It’s not the hungry who gain most from food banks – it’s big business

It’s not the hungry who gain most from food banks – it’s big business

The government is essentially subsidising firms to waste food, then redistribute it to boost their reputations. It’s grotesque.

THE GUARDIAN – Who benefits from food banks? The donors? The volunteers? The recipients? You might be surprised – and dismayed – to learn that big food corporations from around the world revel in the wonderful world of food banks.

This week, the Food Bank Leadership Institute (FBLI) annual conference takes place in London for the first time. This gathering, organised by the Chicago-based Global FoodBanking Network, has long been held at the US’s largest food bank in Houston. This year’s meeting is scheduled for a couple of days before Brexit was due to take place, the break with Europe that experts predict will increase food poverty, and hence the need for more food banks. A cursory review of the meeting agenda reveals a celebratory approach to food charity, in which the hungry are fed corporate surplus rations, such as wilted lettuce, dented tins of beans and day-old pastries that could not otherwise be sold.

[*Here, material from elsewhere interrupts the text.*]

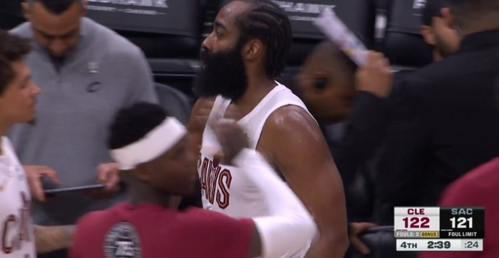 手很硬!哈登外线开火连中2记三分 率领骑士打出8-0夺回1分优势

This is a terrible state of affairs. Rather than rewarding, and cheering on such charity, it’s time that Britain (and the US) enact policies that render obsolete the need for food banks. Studies by food poverty researchers over many years have shown the damage to people’s dignity that using food banks causes. Yet we seem to be heading in the opposite direction.

Advocating for fundamental change is difficult when we come up against popular sentiments such as “given so many hungry people in this world, it is wicked that we waste perfectly good food”. It is hard to argue with the moral imperative of not tossing food into the bin unnecessarily. Indeed, the idea of “waste not, want not” is deeply embedded in our culture.